How do we fix this? It is very annoying.

@supersergiy
Copy link
Member

A fix would be to add a corresponding transient error condition to mazepa

@trivoldus28
Copy link
Contributor

@supersergiy Is this the list? https://github.com/ZettaAI/zetta_utils/blob/9295d11ce0d53c48fe1ce4b49b5901ce4f8b5838/zetta_utils/mazepa/transient_errors.py

Should it be something like?

TransientErrorCondition(
        exception_type=OSError,
        text_signature="[Errno 5] Input/output error",
    ),

@supersergiy
Copy link
Member

Yup, that's the one!

@supersergiy
Copy link
Member

Sorry I should've linked it in my comment to begin with

@trivoldus28 trivoldus28 self-assigned this Feb 21, 2024
@trivoldus28
Copy link
Contributor

Made a branch for the fix: https://github.com/ZettaAI/zetta_utils/tree/tri/transient-errors. Need to test though before making a PR.

@nkemnitz
Copy link
Collaborator Author

nkemnitz commented Jul 2, 2024

Another one:
google.auth.exceptions.TransportError: Failed to retrieve http://metadata.google.internal/computeMetadata/v1/universe/universe_domain from the Google Compute Engine metadata service.
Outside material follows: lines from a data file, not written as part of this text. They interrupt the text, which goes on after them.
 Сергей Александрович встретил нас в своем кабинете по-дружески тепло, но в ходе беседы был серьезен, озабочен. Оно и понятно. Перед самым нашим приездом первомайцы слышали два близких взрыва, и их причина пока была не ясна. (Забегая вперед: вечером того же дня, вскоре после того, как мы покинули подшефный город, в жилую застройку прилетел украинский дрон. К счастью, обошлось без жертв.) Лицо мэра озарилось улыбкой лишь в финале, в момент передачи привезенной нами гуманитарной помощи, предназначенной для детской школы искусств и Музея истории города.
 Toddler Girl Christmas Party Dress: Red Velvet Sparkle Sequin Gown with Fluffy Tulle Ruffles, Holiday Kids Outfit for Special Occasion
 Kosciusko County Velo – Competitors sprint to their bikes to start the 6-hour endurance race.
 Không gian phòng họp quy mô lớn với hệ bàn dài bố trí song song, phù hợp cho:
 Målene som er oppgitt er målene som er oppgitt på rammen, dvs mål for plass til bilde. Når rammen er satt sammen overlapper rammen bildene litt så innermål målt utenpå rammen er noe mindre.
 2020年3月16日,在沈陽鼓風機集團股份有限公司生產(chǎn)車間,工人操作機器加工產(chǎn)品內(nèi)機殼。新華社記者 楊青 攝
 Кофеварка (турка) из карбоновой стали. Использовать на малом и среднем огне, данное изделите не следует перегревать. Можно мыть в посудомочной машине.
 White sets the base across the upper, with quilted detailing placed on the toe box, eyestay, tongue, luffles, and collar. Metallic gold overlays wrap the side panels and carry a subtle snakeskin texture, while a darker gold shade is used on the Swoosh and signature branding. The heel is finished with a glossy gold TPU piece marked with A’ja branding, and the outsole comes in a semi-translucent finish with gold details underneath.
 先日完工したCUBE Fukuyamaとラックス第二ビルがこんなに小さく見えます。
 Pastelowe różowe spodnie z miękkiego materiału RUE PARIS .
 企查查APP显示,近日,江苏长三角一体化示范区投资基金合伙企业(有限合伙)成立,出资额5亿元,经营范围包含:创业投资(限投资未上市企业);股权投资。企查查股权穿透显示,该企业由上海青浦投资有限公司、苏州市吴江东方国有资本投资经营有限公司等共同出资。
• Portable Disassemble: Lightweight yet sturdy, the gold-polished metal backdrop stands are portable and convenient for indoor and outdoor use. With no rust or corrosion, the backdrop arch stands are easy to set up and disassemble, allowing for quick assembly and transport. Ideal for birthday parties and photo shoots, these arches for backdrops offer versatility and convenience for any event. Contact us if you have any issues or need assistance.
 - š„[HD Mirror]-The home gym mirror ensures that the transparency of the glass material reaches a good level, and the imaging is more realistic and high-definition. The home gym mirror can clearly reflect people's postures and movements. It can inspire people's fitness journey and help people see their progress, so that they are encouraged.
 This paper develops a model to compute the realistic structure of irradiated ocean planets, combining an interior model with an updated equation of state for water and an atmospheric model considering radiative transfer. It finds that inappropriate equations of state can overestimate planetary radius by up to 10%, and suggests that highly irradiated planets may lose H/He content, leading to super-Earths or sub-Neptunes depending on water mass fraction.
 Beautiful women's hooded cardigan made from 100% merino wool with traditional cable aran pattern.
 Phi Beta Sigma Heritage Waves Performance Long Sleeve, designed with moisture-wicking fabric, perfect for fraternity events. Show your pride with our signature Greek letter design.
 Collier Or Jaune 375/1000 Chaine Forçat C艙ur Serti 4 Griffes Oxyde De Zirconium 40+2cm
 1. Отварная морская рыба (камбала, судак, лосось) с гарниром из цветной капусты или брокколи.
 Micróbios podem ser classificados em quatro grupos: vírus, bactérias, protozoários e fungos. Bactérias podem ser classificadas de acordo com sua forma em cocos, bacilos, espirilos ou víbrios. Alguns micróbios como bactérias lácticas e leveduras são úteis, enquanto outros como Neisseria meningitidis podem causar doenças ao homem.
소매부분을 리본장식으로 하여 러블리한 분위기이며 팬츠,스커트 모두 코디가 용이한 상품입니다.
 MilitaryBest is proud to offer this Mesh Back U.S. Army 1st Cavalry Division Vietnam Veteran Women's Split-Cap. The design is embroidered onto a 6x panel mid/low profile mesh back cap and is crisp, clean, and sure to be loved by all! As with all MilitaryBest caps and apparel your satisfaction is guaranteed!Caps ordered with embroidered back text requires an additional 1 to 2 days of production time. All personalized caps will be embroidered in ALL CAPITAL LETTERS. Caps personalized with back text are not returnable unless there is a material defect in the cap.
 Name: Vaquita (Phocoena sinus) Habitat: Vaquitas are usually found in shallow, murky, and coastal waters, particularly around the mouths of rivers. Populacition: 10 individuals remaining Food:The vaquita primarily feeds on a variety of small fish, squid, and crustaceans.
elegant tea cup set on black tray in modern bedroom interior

Compute Engine Metadata server unavailable

Full traceback:

Task traceback: Traceback (most recent call last):          
  File "/usr/local/lib/python3.11/dist-packages/cloudfiles/connectionpools.py", line 61, in get_connection                    
    conn = self.pool.get(block=False)                       
           ^^^^^^^^^^^^^^^^^^^^^^^^^^                       
  File "/usr/lib/python3.11/queue.py", line 168, in get     
    raise Empty            
_queue.Empty               
                           
During handling of the above exception, another exception occurred:                          
                           
Traceback (most recent call last):                          
  File "/opt/zetta_utils/zetta_utils/mazepa/tasks.py", line 99, in __call__                  
    return_value = self._call_task_fn(debug=debug)          
                   ^^^^^^^^^^^^^^^^^^^^^^^^^^^^^^^          
  File "/opt/zetta_utils/zetta_utils/mazepa/tasks.py", line 79, in _call_task_fn             
    return_value = self.fn(*self.args, **self.kwargs)       
                   ^^^^^^^^^^^^^^^^^^^^^^^^^^^^^^^^^^       
  File "/opt/zetta_utils/zetta_utils/mazepa_layer_processing/common/volumetric_callable_operation.py", line 90, in __call__   
    task_kwargs = _process_callable_kwargs(idx_input_padded, kwargs)                         
                  ^^^^^^^^^^^^^^^^^^^^^^^^^^^^^^^^^^^^^^^^^^^^^^^^^^                         
  File "/opt/zetta_utils/zetta_utils/mazepa_layer_processing/common/callable_operation.py", line 23, in _process_callable_kwargs                               
    result[k] = v.read_with_procs(idx)                      
                ^^^^^^^^^^^^^^^^^^^^^^                      
  File "/opt/zetta_utils/zetta_utils/layer/layer_base.py", line 53, in read_with_procs       
    data_backend = self.backend.read(idx=idx_proced)        
                   ^^^^^^^^^^^^^^^^^^^^^^^^^^^^^^^^^        
  File "/opt/zetta_utils/zetta_utils/layer/volumetric/cloudvol/backend.py", line 198, in read
    data_raw = cvol[idx.to_slices()]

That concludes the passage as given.